In modern Japanese, the presence of a voiced obstruent phoneme in the first element does not normally block rendaku, as demonstrated by examples such as sleeve (そで, sode) + mouth (くち, kuchi) → cuff (そでぐち, sodeguchi). Nevertheless, it has been proposed that in certain circumstances, Lyman's law might be (or might once have been) sensitive to the presence of a voiced obstruent in the first element of a compound. Compound personal names ending in the element ta 'rice field' seem to usually show rendaku when the final mora of the first element contains //t k s m n// (e.g. Katada, Fukuda, Asada, Hamada, Sanada), but never show rendaku when the final mora of the first element contains //d ɡ z b j// (e.g. Kadota, Nagata, Mizuta, Kubota, Hayata) (and usually do not show rendaku when it contains //r w//). The pattern of voicing seen in compounds like these may in part be a residue of an older version of the law that operated in Old Japanese. Examination of Old Japanese compounds suggests that Old Japanese had a constraint against two consecutive syllables starting with a prenasalized consonant (the source of modern Japanese (dakuon)/voiced obstruent phonemes), but over time, this constraint came to be replaced with the modern tendency for a (dakuon) consonant to block rendaku only when it occurs in the second element of the compound.
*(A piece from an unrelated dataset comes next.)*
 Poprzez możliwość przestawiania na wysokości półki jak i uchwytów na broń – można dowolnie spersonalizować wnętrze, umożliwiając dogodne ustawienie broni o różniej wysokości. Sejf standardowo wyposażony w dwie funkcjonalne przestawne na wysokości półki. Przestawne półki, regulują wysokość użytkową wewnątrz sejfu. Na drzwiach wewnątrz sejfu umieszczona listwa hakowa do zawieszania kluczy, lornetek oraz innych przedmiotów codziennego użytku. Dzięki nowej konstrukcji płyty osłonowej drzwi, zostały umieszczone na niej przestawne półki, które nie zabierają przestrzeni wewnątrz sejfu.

Some formulations of the law state that rendaku is blocked in cases where a (dakuon)/voiced obstruent phoneme is the second consonant in the non-initial element of the compound. However, in modern Japanese, there is evidence that Lyman's law generally also applies to morphemes containing a (dakuon) consonant in their third or later syllable. This is indicated by the lack of rendaku in examples such as horn (つの, tsuno) + lizard (とかげ, tokage) → horned toad (つのとかげ, tsunotokage) or child (こ, ko) + sheep (ひつじ, hitsuji) → lamb (こひつじ, kohitsuji). There are only a handful of exceptions, such as rope (なわ, nawa) + ladder (はしご, hashigo) → rope ladder (なわばしご, nawabashigo), where voicing occurs despite the presence of a (dakuon)/voiced obstruent consonant in the second element of the compound. In the case of Old Japanese, there is not enough evidence to conclude whether the Old Japanese version of Lyman's law applied to morphemes containing a prenasalized consonant in their third or later syllable.
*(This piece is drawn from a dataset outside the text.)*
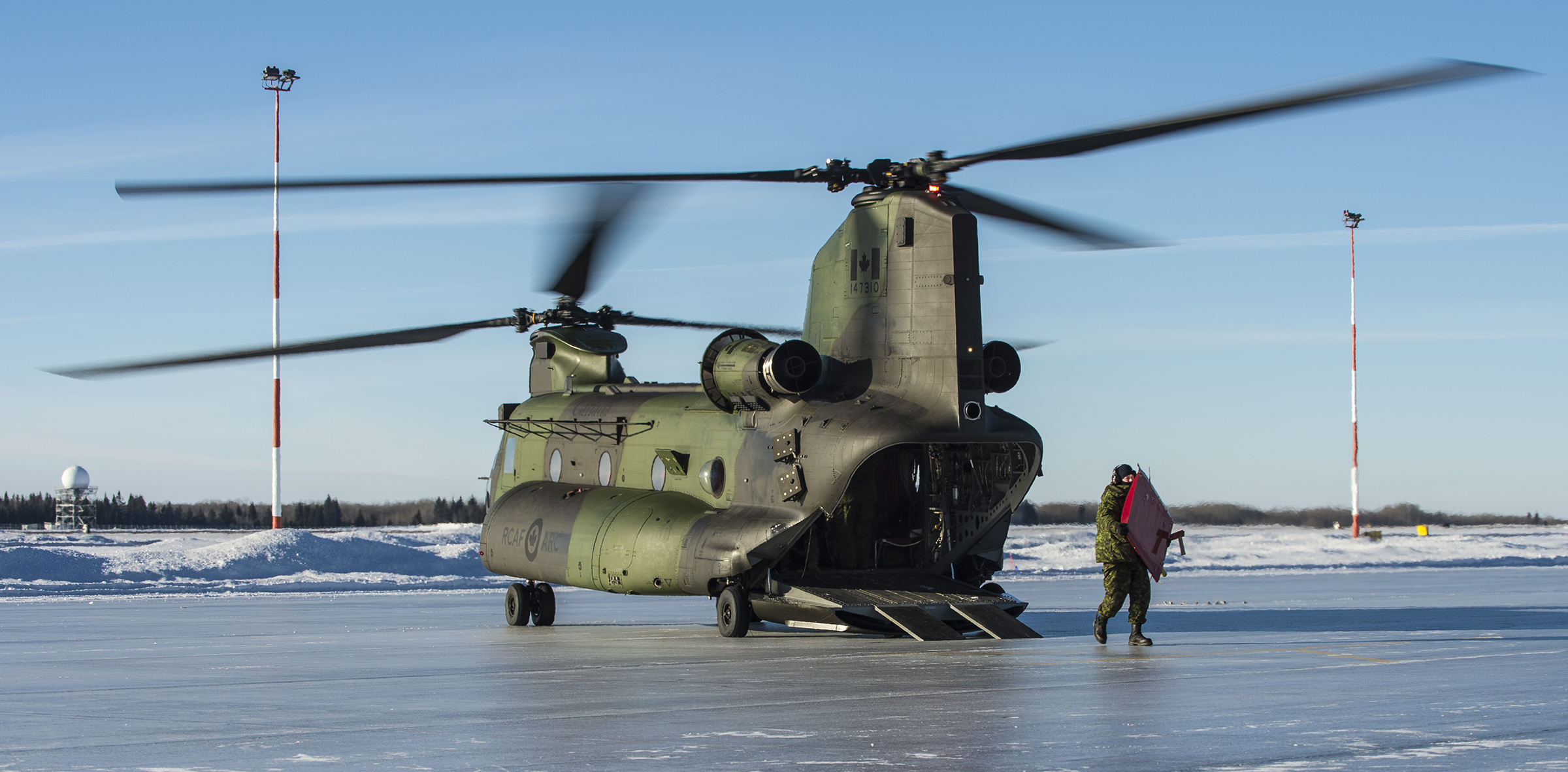 Tuesday, January 15, 2019, was clear and cold with a minimum temperature of about -30C and a daytime temperature of about -20C. The ramp was icy as the Chinook was towed out of its hangar and the “mule”, the towing vehicle, had a hard time getting traction. Later in the day, however, when the Chinook and its load returned to base, the icy ramp and runway worked in their favour, as other flying at 4 Wing had been cancelled for the day, leaving wide open airspace and an empty tarmac for the Chinook to manoeuvre in.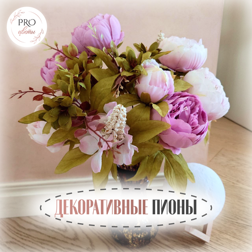 Пионы искусственные/ Пионы для декора/ Пион Прелесть розовидный куст/ PRO цветы плюс

Although this law is named after Benjamin Smith Lyman, who independently propounded it in 1894, it is really a re-discovery. The Edo period linguists Kamo no Mabuchi (1765) and Motoori Norinaga (1767–1798) separately and independently identified the law during the 18th century.

===Source language of the second element===

Another important factor affecting the likelihood of rendaku is the etymological source or lexical stratum of the second element of the compound. Rendaku frequently affects wago (native Japanese lexemes), infrequently affects kango (Sino-Japanese vocabulary), and very rarely affects gairaigo (recent loanwords, such as borrowings from English). On the other hand, the lexical stratum of the first element of the compound is not relevant.

One possible reason for the resistance of Sino-Japanese morphemes to rendaku is the greater potential for it to cause homophony in this context. Native Japanese morphemes very rarely start with a voiced obstruent consonant, but this does not apply to Sino-Japanese; therefore, rendaku of Sino-Japanese morphemes is more likely to neutralize a contrast between distinct morphemes.

====Kango====

Sino-Japanese vocabulary is built from Sino-Japanese roots, which have a restricted phonological structure (one or two moras long). At least half of Sino-Japanese terms are "binoms" consisting of two roots, but some roots can be used on their own as words (mononoms). A binom is written with two kanji (Chinese characters), one for each root.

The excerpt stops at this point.